Using the entries below, copy exactly each line from the line with "The business model" up to and including the line with "- Play over", with every picture left out.

**Source material:**
*** Block opens ***

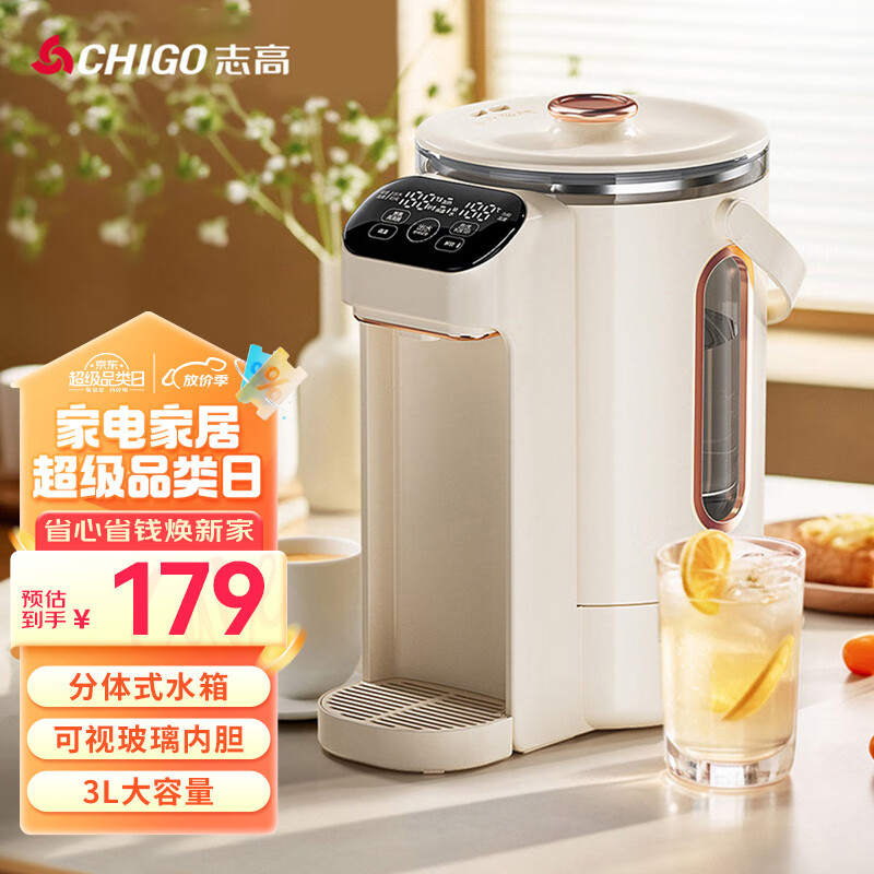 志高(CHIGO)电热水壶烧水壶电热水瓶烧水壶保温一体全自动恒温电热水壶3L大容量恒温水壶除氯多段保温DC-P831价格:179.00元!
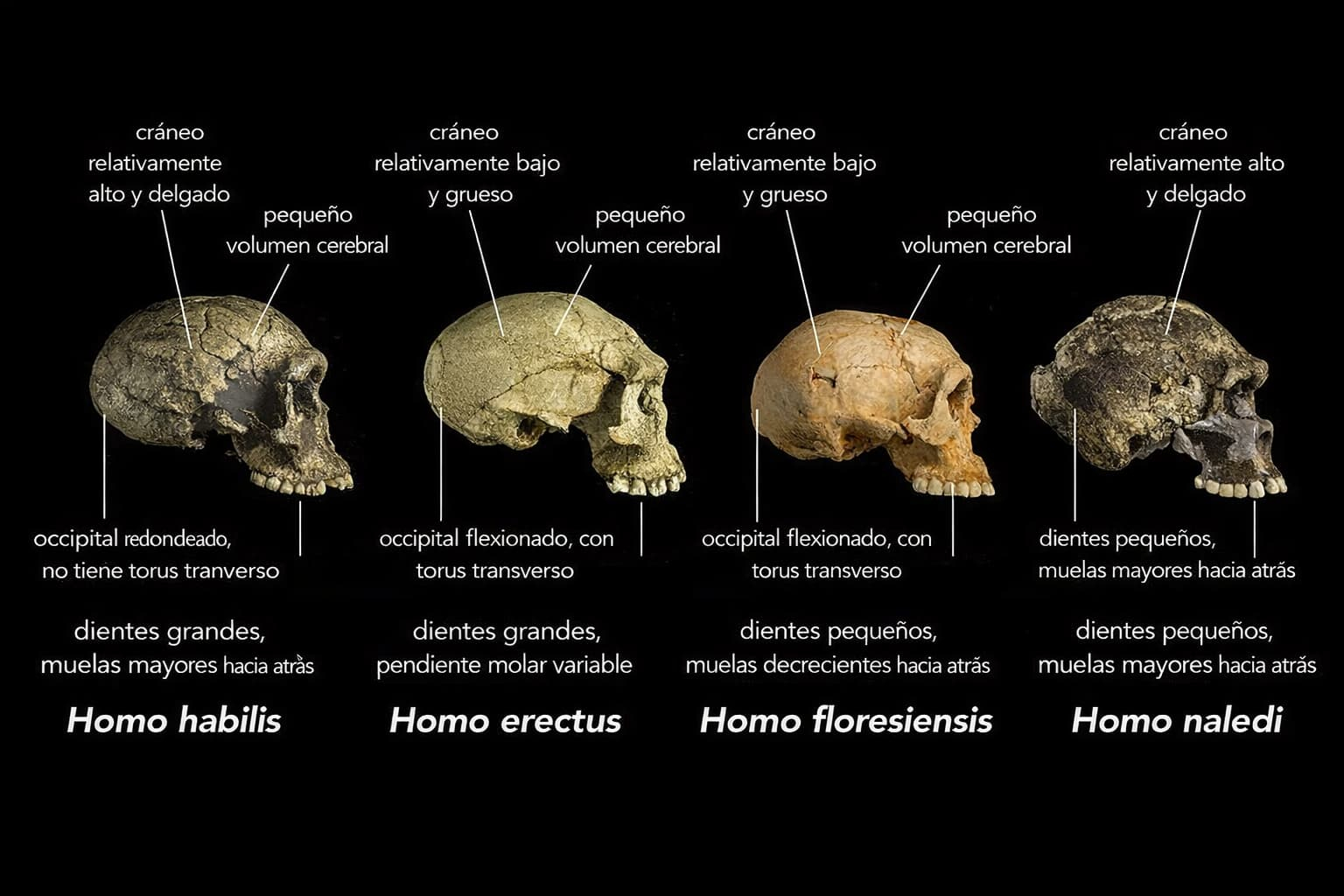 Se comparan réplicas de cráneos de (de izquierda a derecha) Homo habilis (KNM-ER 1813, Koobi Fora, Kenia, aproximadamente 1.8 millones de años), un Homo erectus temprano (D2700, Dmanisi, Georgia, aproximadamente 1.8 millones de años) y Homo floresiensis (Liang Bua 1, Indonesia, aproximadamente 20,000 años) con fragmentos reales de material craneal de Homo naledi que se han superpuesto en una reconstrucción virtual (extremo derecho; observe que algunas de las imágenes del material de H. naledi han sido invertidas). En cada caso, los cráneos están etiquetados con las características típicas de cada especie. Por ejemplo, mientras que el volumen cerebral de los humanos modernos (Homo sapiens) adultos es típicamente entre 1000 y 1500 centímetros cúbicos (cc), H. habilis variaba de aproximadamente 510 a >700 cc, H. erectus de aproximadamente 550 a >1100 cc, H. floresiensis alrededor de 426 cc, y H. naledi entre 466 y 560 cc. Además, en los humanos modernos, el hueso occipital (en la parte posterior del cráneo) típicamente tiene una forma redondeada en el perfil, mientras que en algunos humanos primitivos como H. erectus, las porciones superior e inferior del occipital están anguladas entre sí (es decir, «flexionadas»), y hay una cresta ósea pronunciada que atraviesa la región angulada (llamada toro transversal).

*** Block closes ***
*** Block opens ***

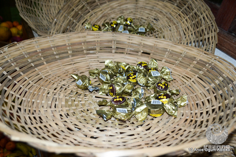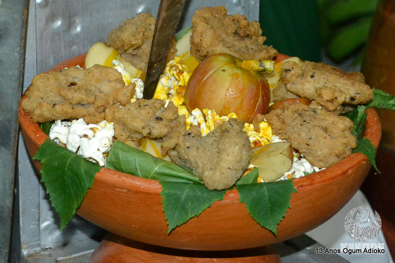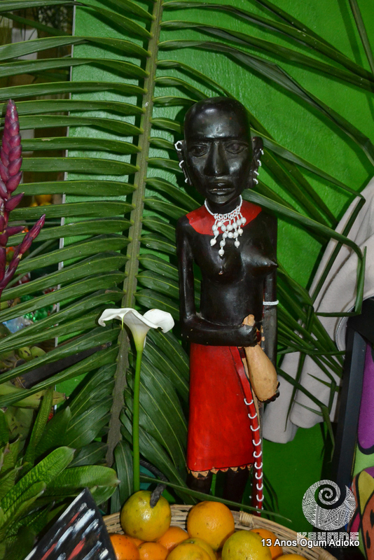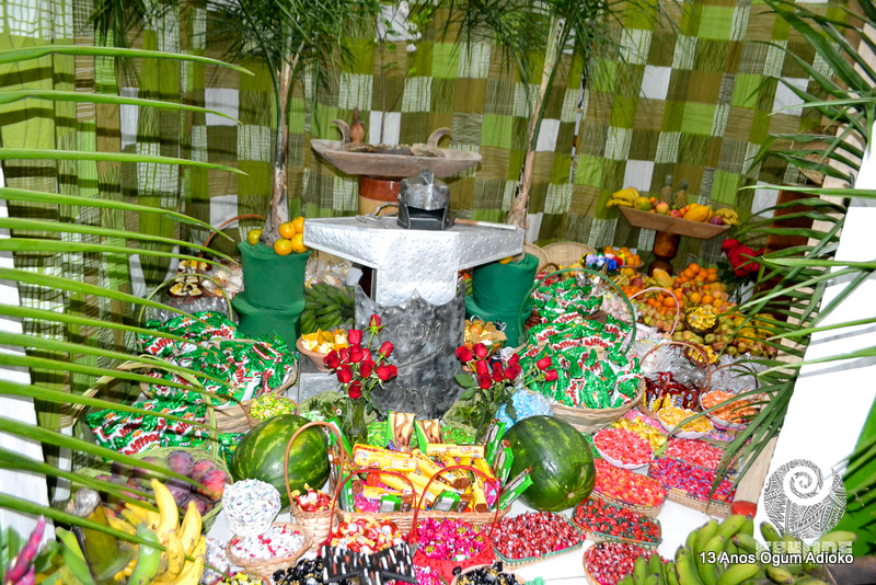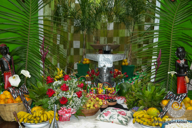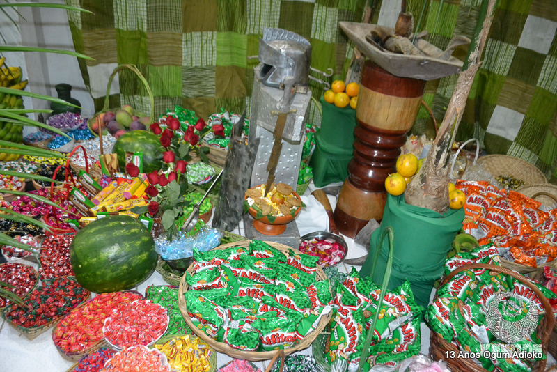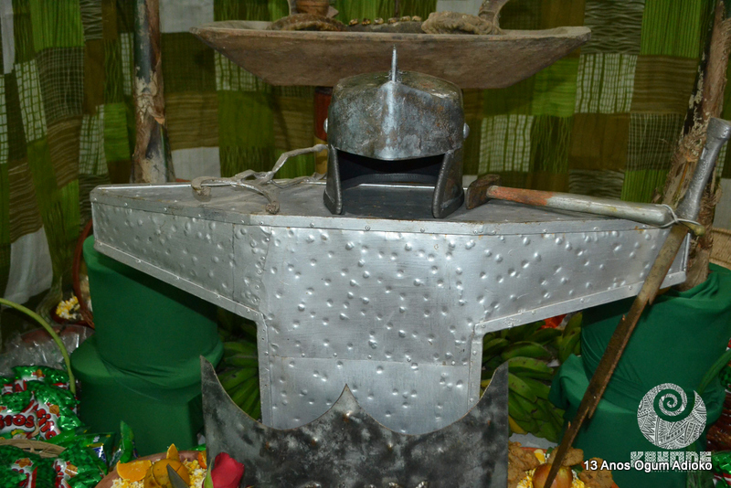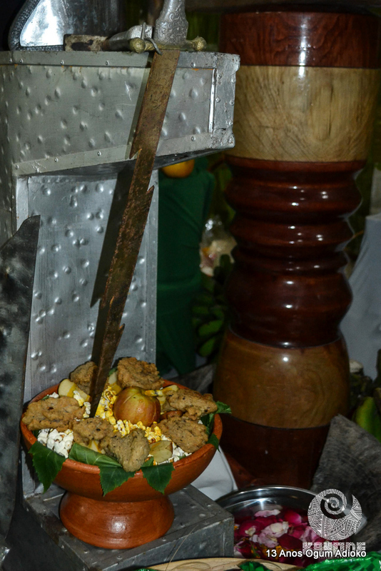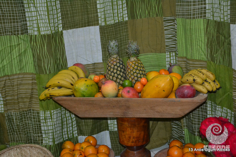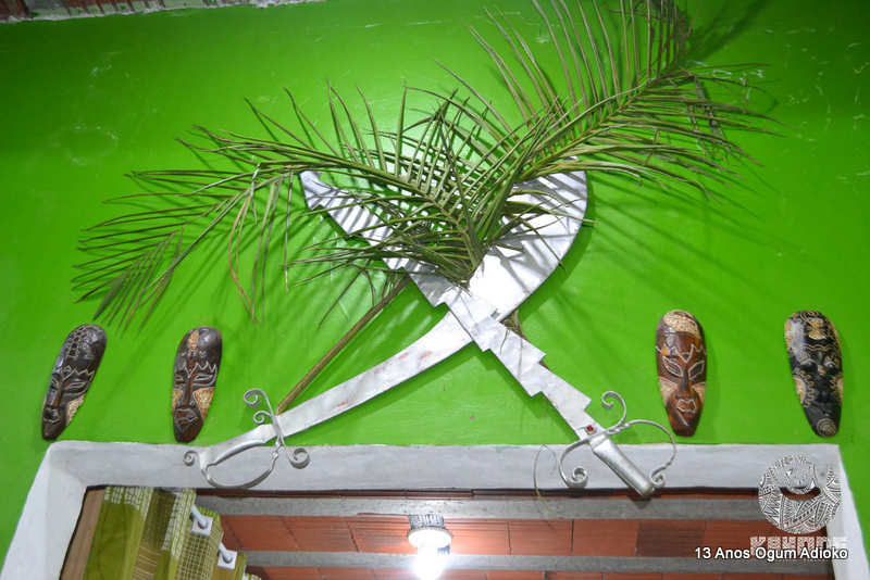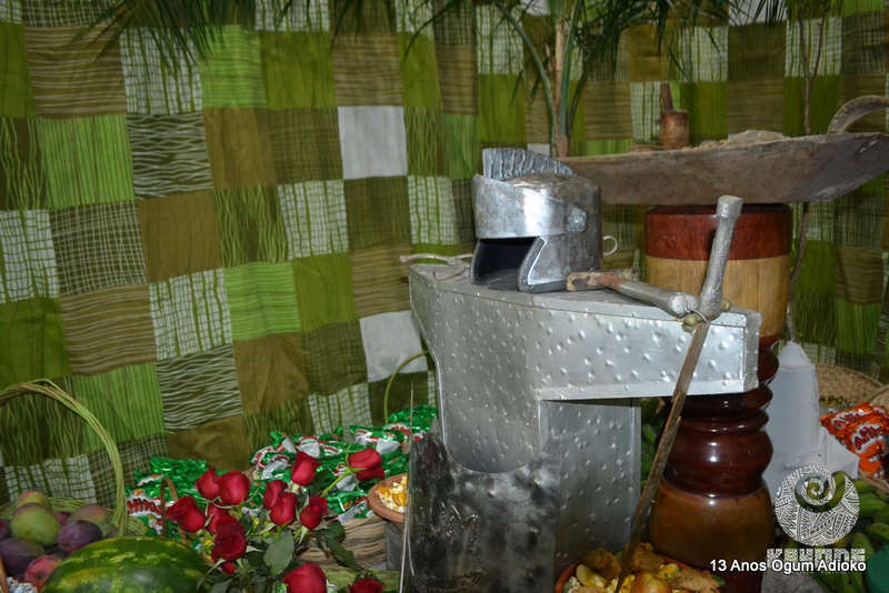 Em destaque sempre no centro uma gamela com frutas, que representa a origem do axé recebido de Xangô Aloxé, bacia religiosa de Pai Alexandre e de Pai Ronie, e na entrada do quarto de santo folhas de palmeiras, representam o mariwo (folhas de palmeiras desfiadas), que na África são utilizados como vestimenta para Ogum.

*** Block closes ***
*** Block opens ***

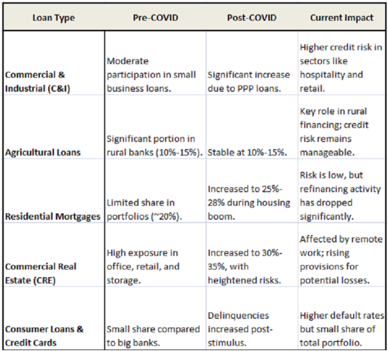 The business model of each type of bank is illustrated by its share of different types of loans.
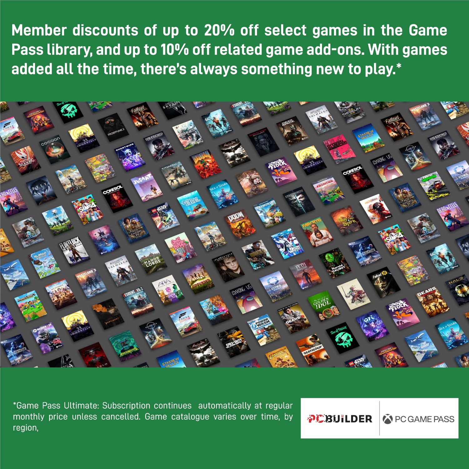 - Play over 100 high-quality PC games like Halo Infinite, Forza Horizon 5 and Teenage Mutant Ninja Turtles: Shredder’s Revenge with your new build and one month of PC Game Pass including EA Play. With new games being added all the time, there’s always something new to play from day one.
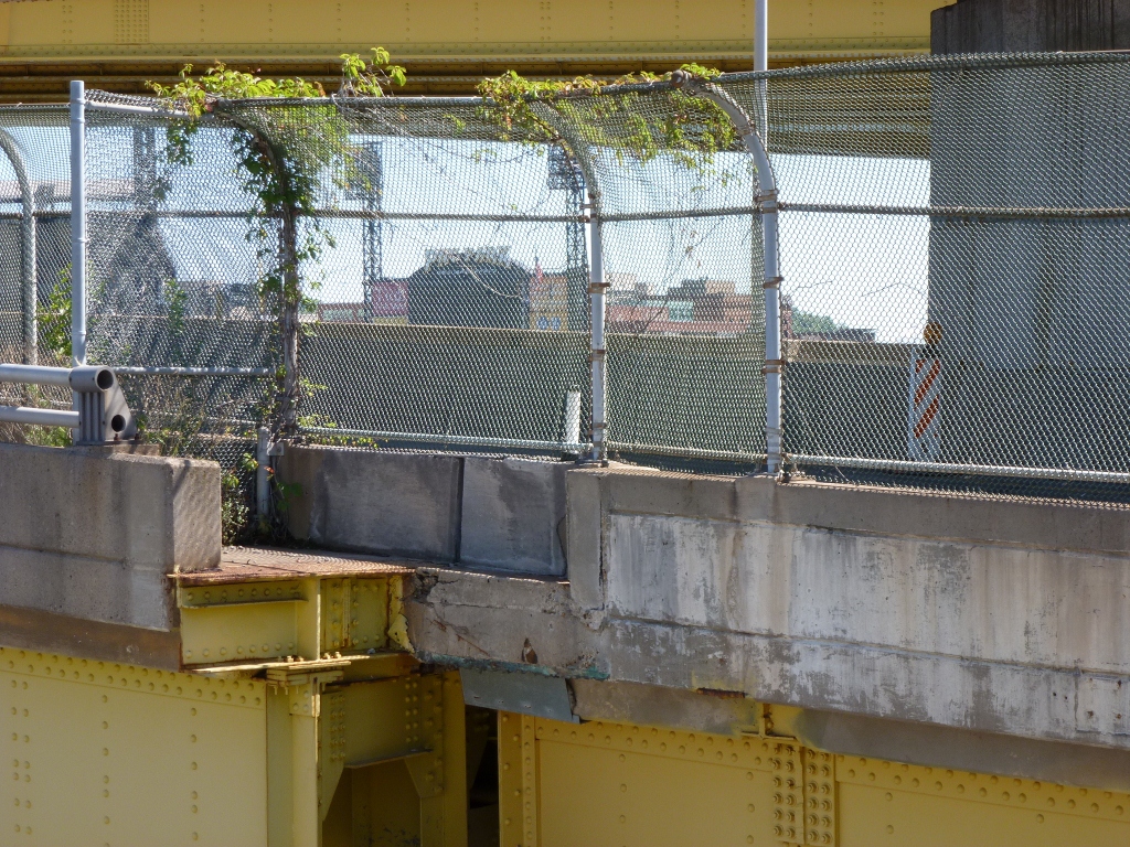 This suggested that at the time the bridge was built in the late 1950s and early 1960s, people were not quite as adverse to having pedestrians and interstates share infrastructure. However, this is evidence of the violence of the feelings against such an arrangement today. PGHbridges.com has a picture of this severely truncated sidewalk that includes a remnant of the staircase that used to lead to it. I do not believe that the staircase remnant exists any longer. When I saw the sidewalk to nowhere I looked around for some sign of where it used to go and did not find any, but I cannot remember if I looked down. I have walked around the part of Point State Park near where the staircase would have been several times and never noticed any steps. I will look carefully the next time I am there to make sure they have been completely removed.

*** Block closes ***

**Finished exercise:**
 The business model of each type of bank is illustrated by its share of different types of loans.
 - Play over 100 high-quality PC games like Halo Infinite, Forza Horizon 5 and Teenage Mutant Ninja Turtles: Shredder’s Revenge with your new build and one month of PC Game Pass including EA Play. With new games being added all the time, there’s always something new to play from day one.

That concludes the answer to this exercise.